* **Prompt**
Transcribe every entry verbatim; omit pictures.

* **Source information**

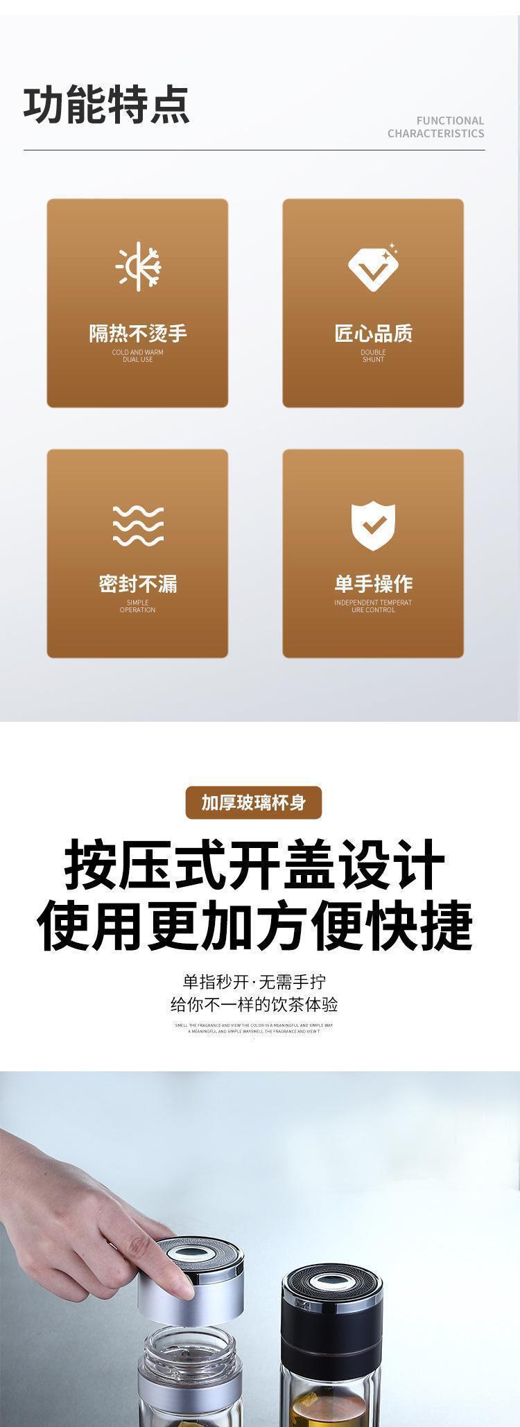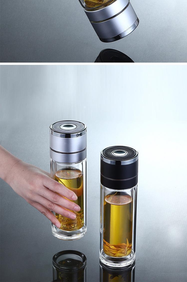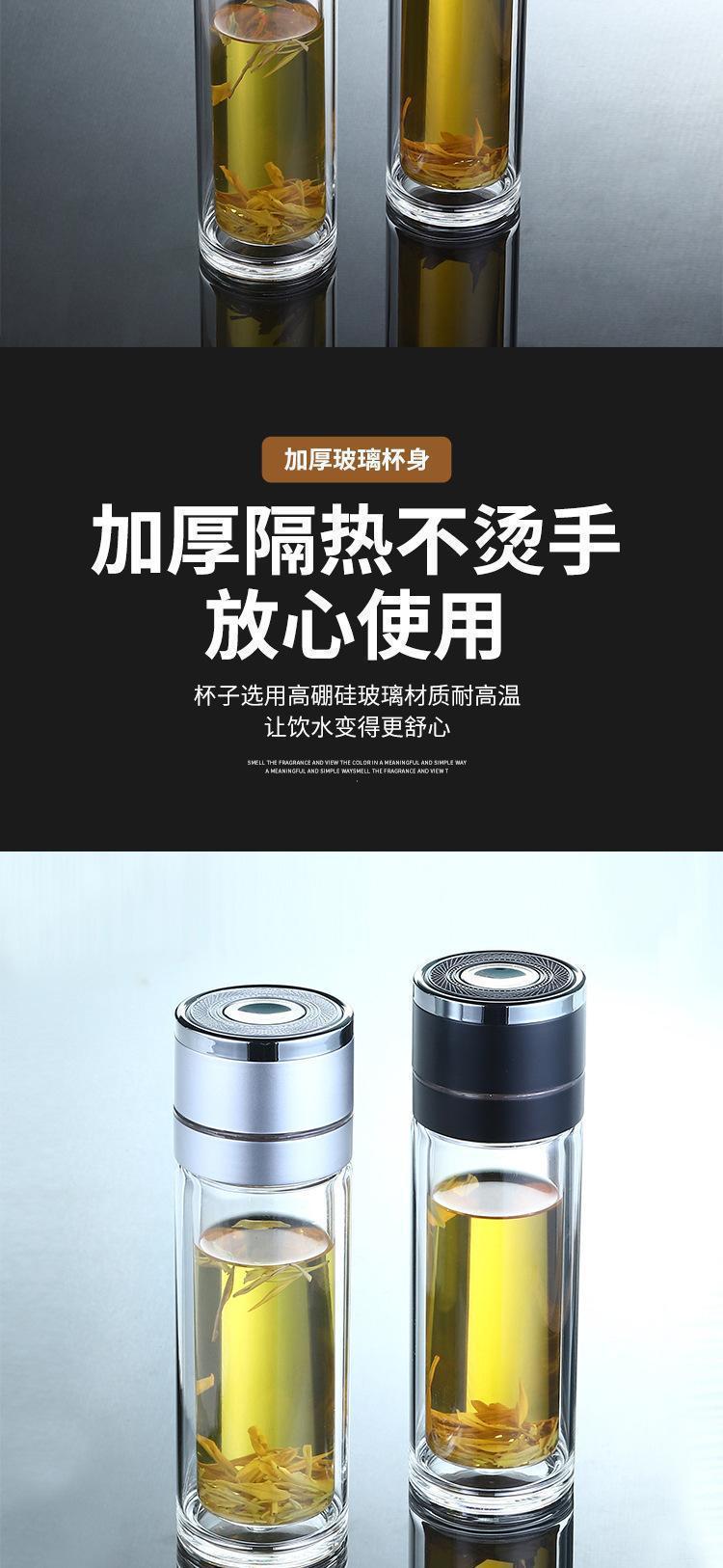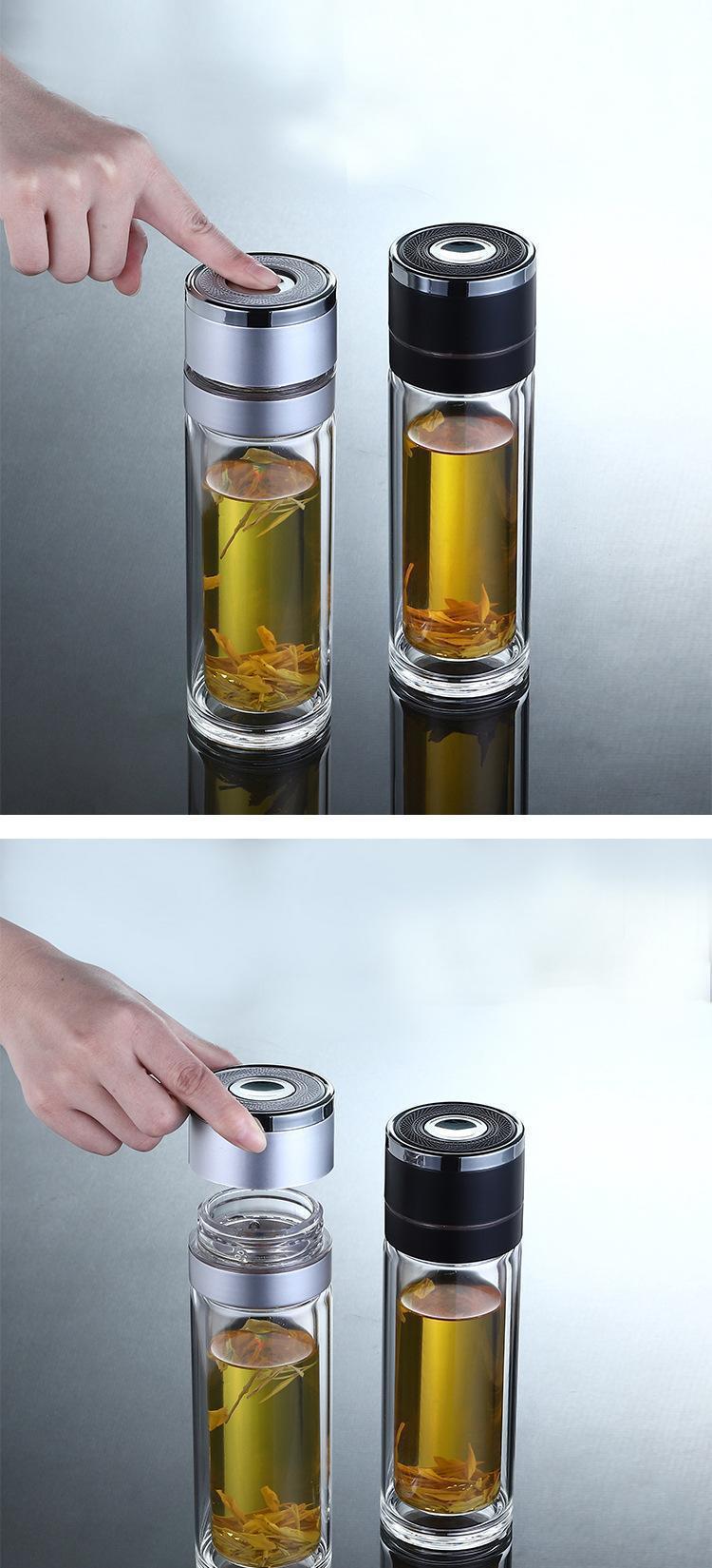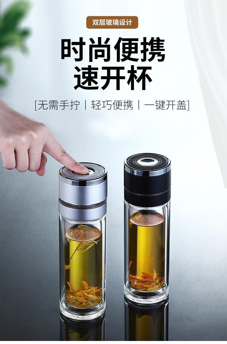 高档车载速开杯茶水分离杯男女便携泡茶杯弹扣双层玻璃水杯可印字
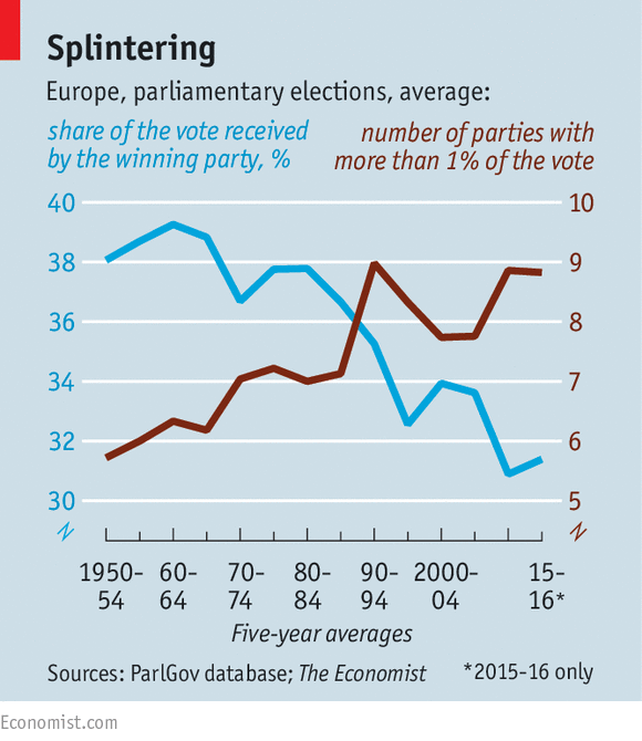 Nederland is niet meer het enige land in Europa dat ‘splinterpartijen’ kent. En dat is goed nieuws. Binaire verkiezingen – referenda, twee-partijenstelsels – bevorderen extreme standpunten. Veel partijen bevordert coalitiedenken en gematigdheid.
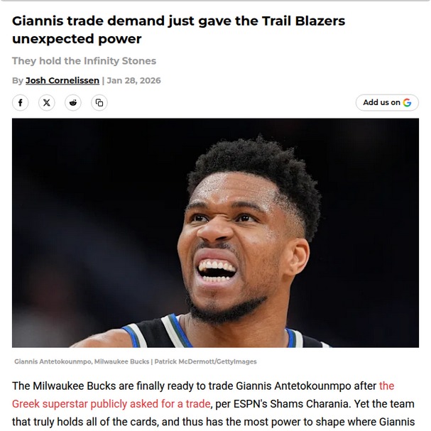 Patrick Gonzales+FollowBlazers Hold the Keys to Giannis’ Next MoveWow, the Giannis sweepstakes just got wild! With the Greek Freak officially asking out, you’d think the Bucks would call the shots—but it’s actually Rip City that’s in the driver’s seat. Portland’s stash of Milwaukee picks means any team wanting to land the two-time MVP needs to go through the Blazers first. Whether it’s the Knicks, Lakers, or Heat, Portland’s next move could decide where Giannis lands. Who saw this coming? #Sports #Basketball #Giannis00Share
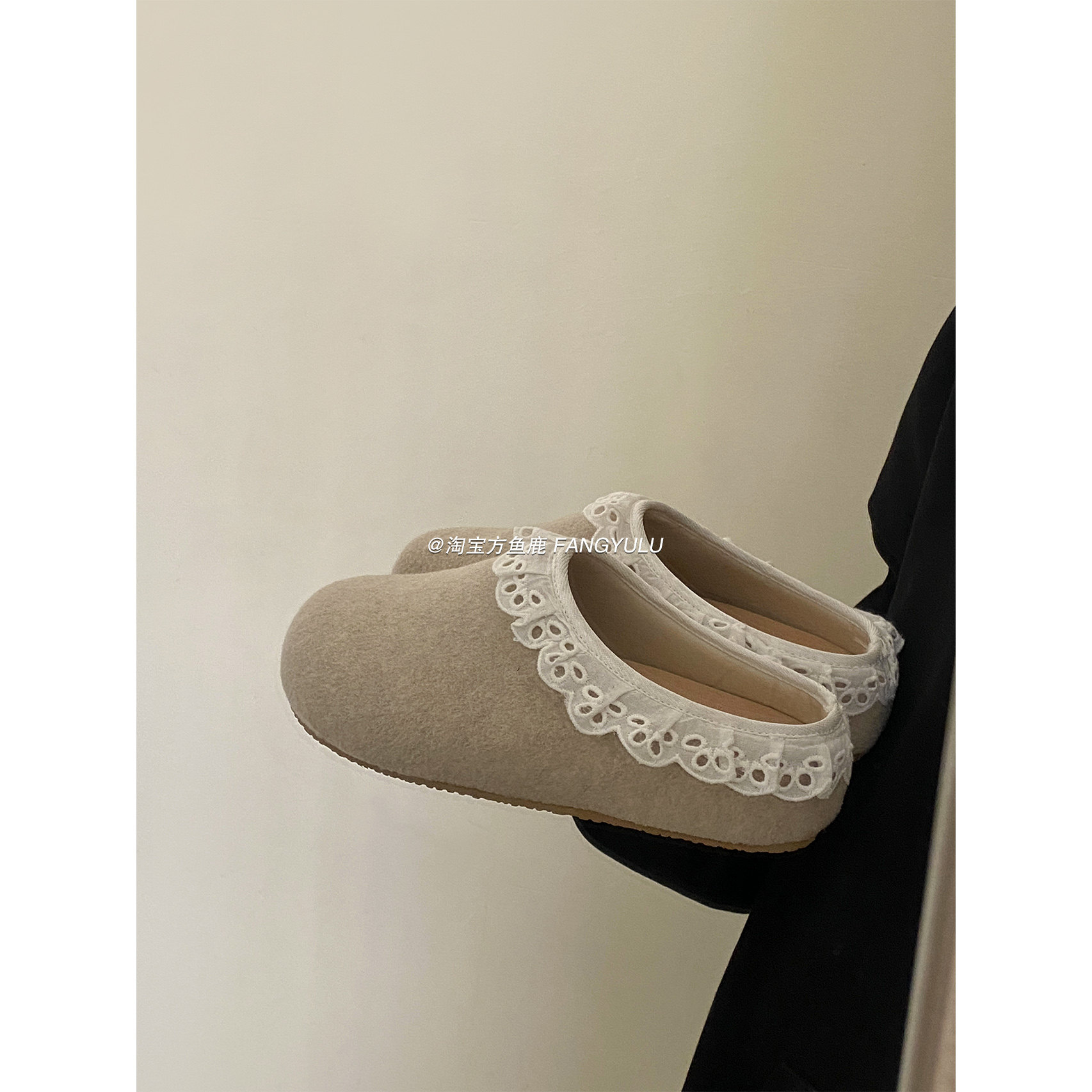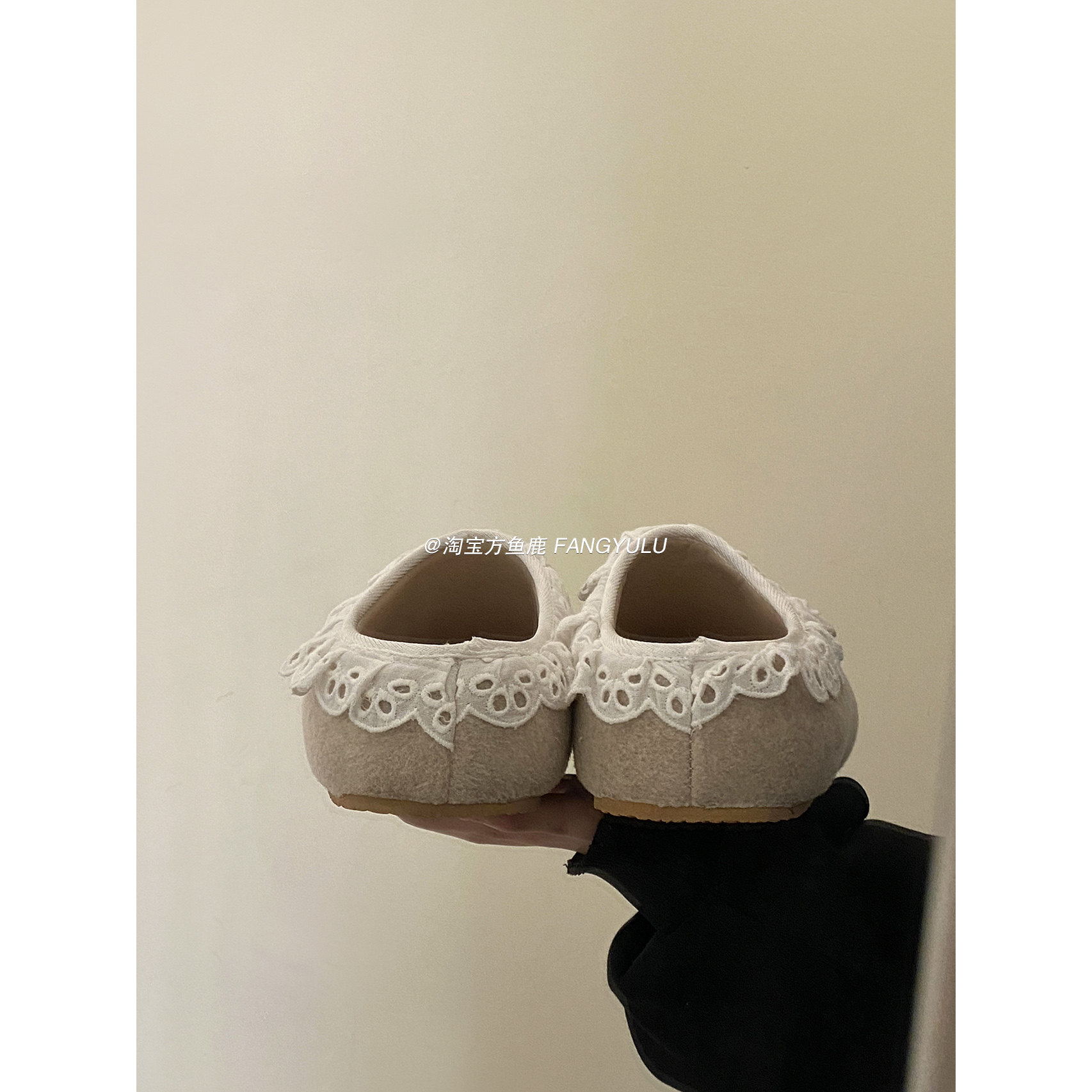 方鱼鹿 蕾丝花边一脚蹬拖鞋女2025夏季外穿百搭厚底勃肯半拖鞋ins
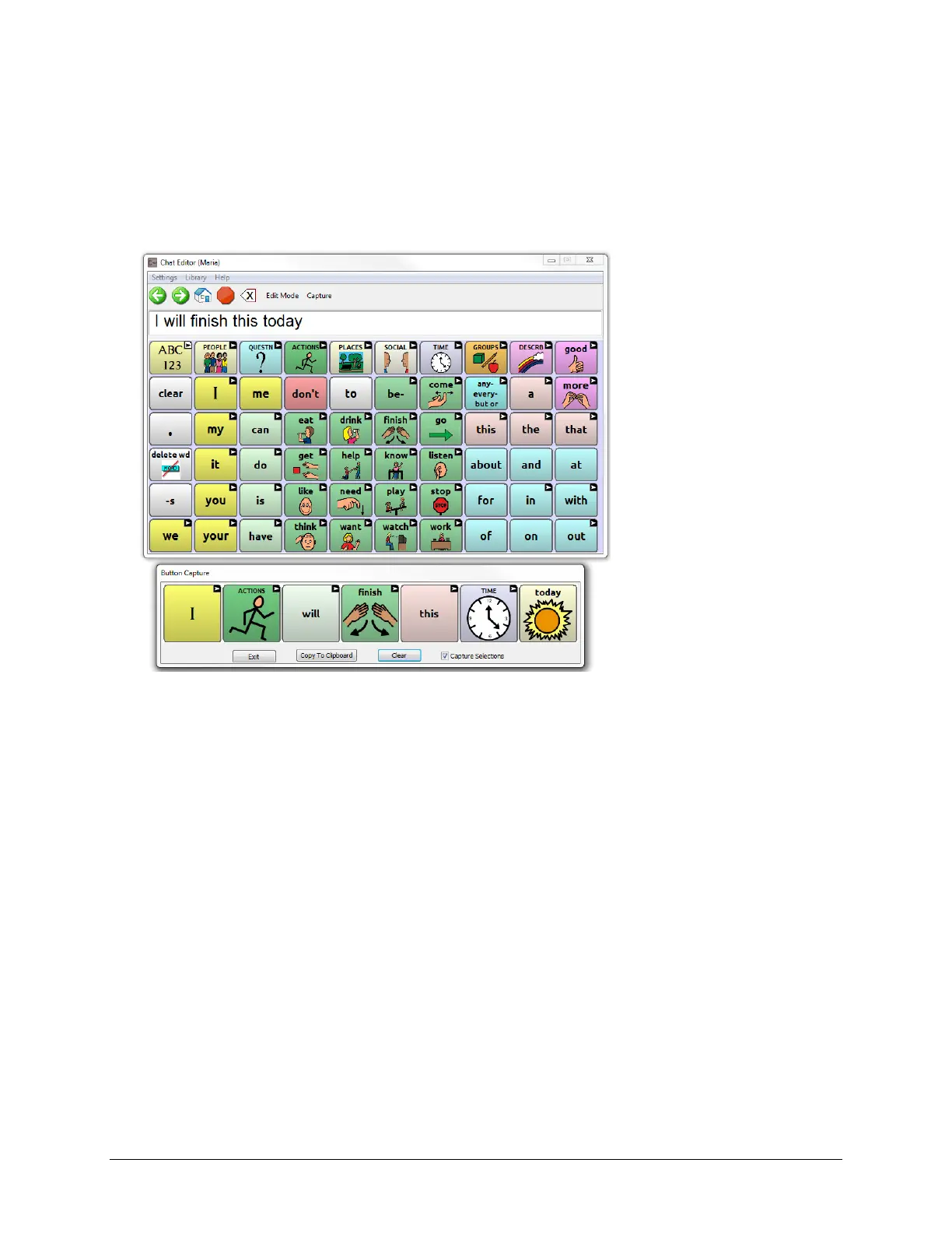Capture sequences of buttons from screens in ChatEditor to paste into instructional materials you create

* **Exercise solution**
 高档车载速开杯茶水分离杯男女便携泡茶杯弹扣双层玻璃水杯可印字
 Nederland is niet meer het enige land in Europa dat ‘splinterpartijen’ kent. En dat is goed nieuws. Binaire verkiezingen – referenda, twee-partijenstelsels – bevorderen extreme standpunten. Veel partijen bevordert coalitiedenken en gematigdheid.
 Patrick Gonzales+FollowBlazers Hold the Keys to Giannis’ Next MoveWow, the Giannis sweepstakes just got wild! With the Greek Freak officially asking out, you’d think the Bucks would call the shots—but it’s actually Rip City that’s in the driver’s seat. Portland’s stash of Milwaukee picks means any team wanting to land the two-time MVP needs to go through the Blazers first. Whether it’s the Knicks, Lakers, or Heat, Portland’s next move could decide where Giannis lands. Who saw this coming? #Sports #Basketball #Giannis00Share
 方鱼鹿 蕾丝花边一脚蹬拖鞋女2025夏季外穿百搭厚底勃肯半拖鞋ins
Capture sequences of buttons from screens in ChatEditor to paste into instructional materials you create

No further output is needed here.